Good call on ThinLTO :)
@cpsauer Thanks. I think it was intended to be opt-in using --features=thin_lto
. As far as I can tell on Bazel 4.2.2 using NDK 19 (and macOS desktop builds), that doesn't pass -flto=thin
when building (ex: passing --features=thin_lto
doesn't affect previously cached builds without it, also looking at the compile commands with -s
). So support for it in general may have broader scope / require another issue. Right now we're just tossing in this into a .bazelrc.release
config file.
build --copt -flto=thin
build --linkopt -flto=thin
The android crosstool doesn't actually have the thin_lto feature, and therefore doesn't support it. I think this is something we should add, similar to how it works in the unix toolchain (assuming the NDK's tools support the same flags)
@keith @cpsauer should we add it / can we as part of the defaults for the opt
config for the NDK? Same for iOS and macOS I believe, last time I peeked into the compile commands. ThinLTO on Clang has been around for years.
We were looking at this yesterday and found that if you're trying to use -Os
you couldn't actually use LTO as well on Android until NDK 22 https://github.com/android/ndk/issues/721 so I guess we're blocked on https://github.com/bazelbuild/bazel/issues/12889 for that part.
As far as opt-in vs opt-out, I imagine folks would want us to mirror the current behavior where it is supported, but I'm not sure, either way I think adding it to make it as easy as flipping a feature for all platforms would be great.
Keith with a blazingly fast, good crossref, as usual :) There's an interaction I didn't know about.
@keith, could I ask what breakage you saw? Same fatal linker error as in the issue you linked https://github.com/android/ndk/issues/721?

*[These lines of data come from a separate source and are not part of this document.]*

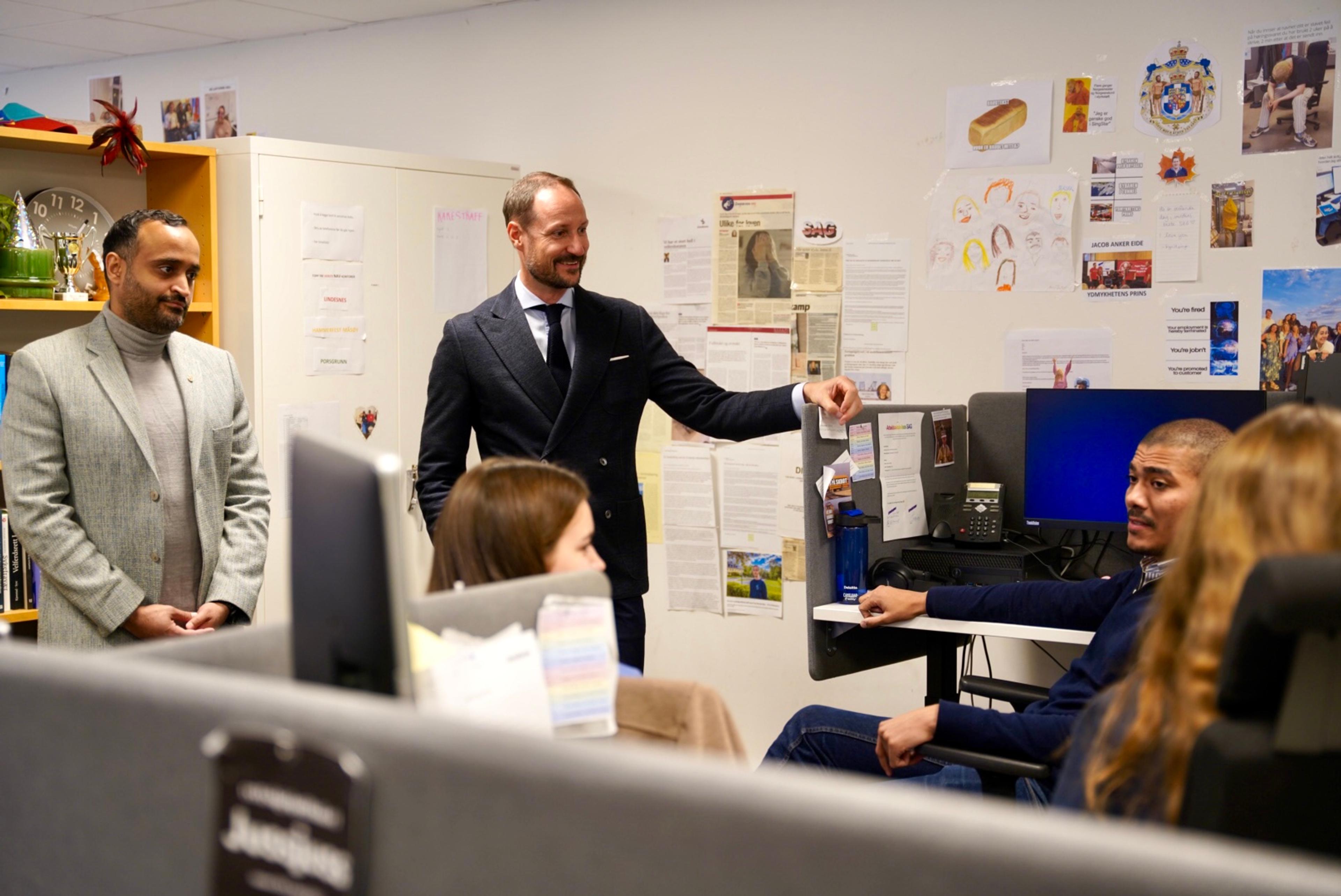Etter orienteringene fikk Kronprinsen en omvisning i Jussbuss sine lokaler. Her møtte han mange av saksbehandlerne, som fortalte om arbeidet som daglig gjøres i de ulike faggruppene de er del av.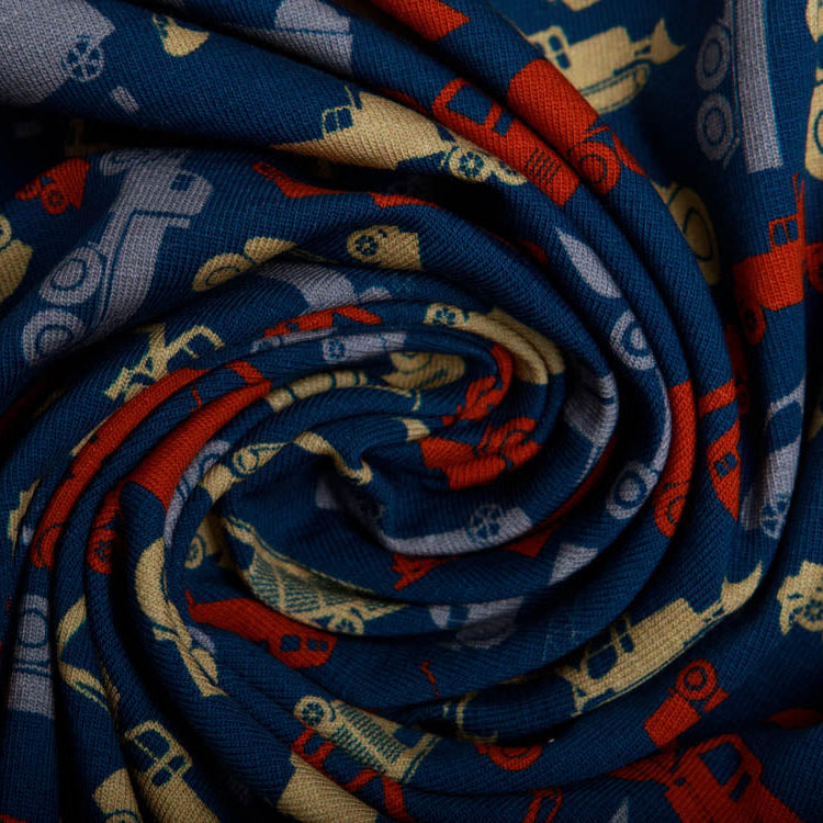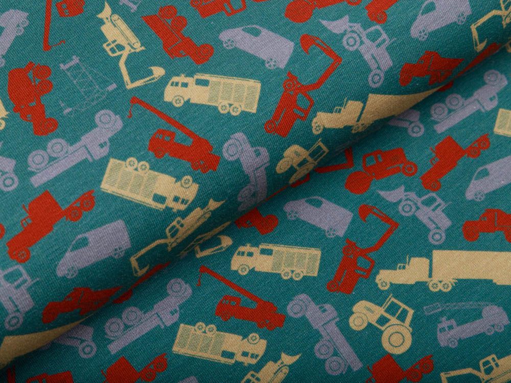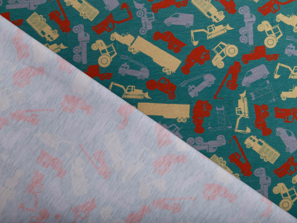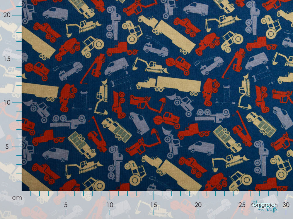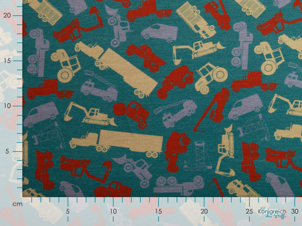 Bunte Baufahrzeuge für kleine Träumer Dieser fröhliche Jersey-Stoff bringt die Welt der Baumaschinen ins Kinderzimmer! Mit bunten Baggern, Kränen und Lastwagen begeistert das Swafing-Design kleine Baumeister und Fahrzeugfans. Der weiche Jersey-Stoff eignet sich perfekt für Kinderkleidung, Bettwäsche oder kuschelige Accessoires. Die lebendigen Farben und detailreichen Motive machen jeden Schnitt zum Lieblingsstück – ob Shirt, Hose oder Kissenbezug. Ein Must-have für alle, die Baufahrzeuge lieben!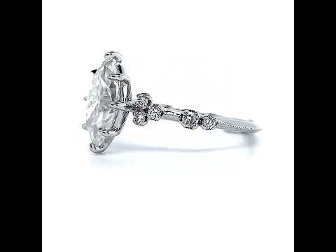 The bands of this enchanting ring are adorned with 0.22ct of round brilliant Moissanite accent stones . These exquisite gems, coupled with intricate milgrain accents, impart a sense of opulence and refinement to the design, further enhancing its allure.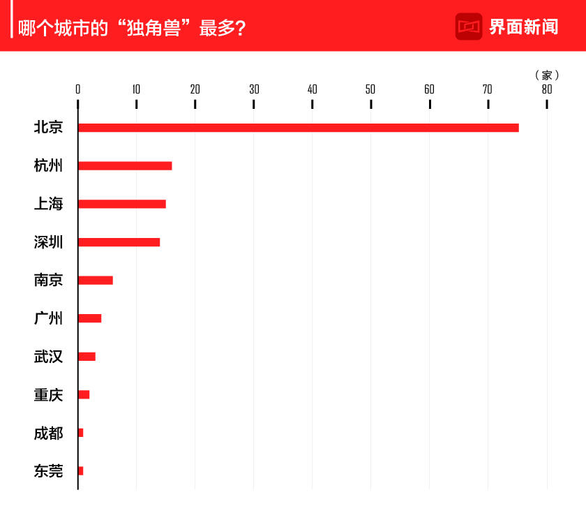 根据2019年恒大研究院发布的《中国独角兽报告2019》显示,中国独角兽企业共有163家。北京除了有“创新之都”、“文明之都”、“历史之都”的称号之外,又有了一个新名字——“独角兽之都”,报告显示北京有75家独角兽企业,排名第一;杭州、上海、深圳分别有16家、15家、14家独角兽企业。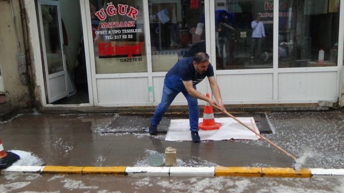 Yağmur ve doluya hazırlıksız yakalanan vatandaşlar, iş yerleri ve saçak altlarına sığındı. Kentteki esnaf ise iş yerlerinin önünde biriken doluyu kürek ve fırça yardımıyla temizledi.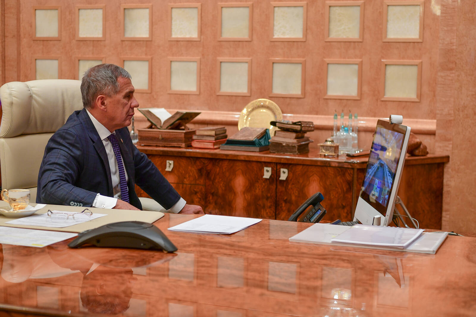 Заседание Бюро Высшего совета Партии "Единая Россия". Принимает участие в режиме видеоконференции Президент Республики Татарстан Р.Н. Минниханов.

Asking bc we'd been running -flto
and now -flto=thin
for a while now on opt
builds, but hadn't seen any problems.
(Switched to -flto=thin
as soon as @jgavris tipped me off that NDK r21's (non-LLVM) linker supported it.)
IMO, we should really turn on thin LTO by default for opt
, if we can.
Lots of users will never get deeper than requesting an optimized build. And I think they'd be surprised that opt
didn't turn on link time optimization by default, since it's a key optimization lever. And with ThinLTO, it seems like there are even fewer downsides.
It's probably more likely to get through review and testing to just stick with implementing --features=thin_lto
(opt-in)? opt
hasn't had fat LTO by default even though it's been around for a long time because I'm guessing because using fat LTO at Google scale was not feasible (ThinLTO was primarily motivated by developing LLVM / Clang itself!).
@cpsauer you are also passing -fuse-ld=lld
to linkopts
on NDK 19? It is not quite yet the default linker.
https://developer.android.com/ndk/downloads/revision_history?authuser=1
Developers should begin testing their apps with LLD. AOSP has switched to using LLD by default and the NDK will use it by default in the next release. BFD and Gold will be removed once LLD has been through a release cycle with no major unresolved issues (estimated r21). Test LLD in your app by passing -fuse-ld=lld when linking. Note: lld does not currently support compressed symbols on Windows. Issue 888. Clang also cannot generate compressed symbols on Windows, but this can be a problem when using artifacts built from Darwin or Linux.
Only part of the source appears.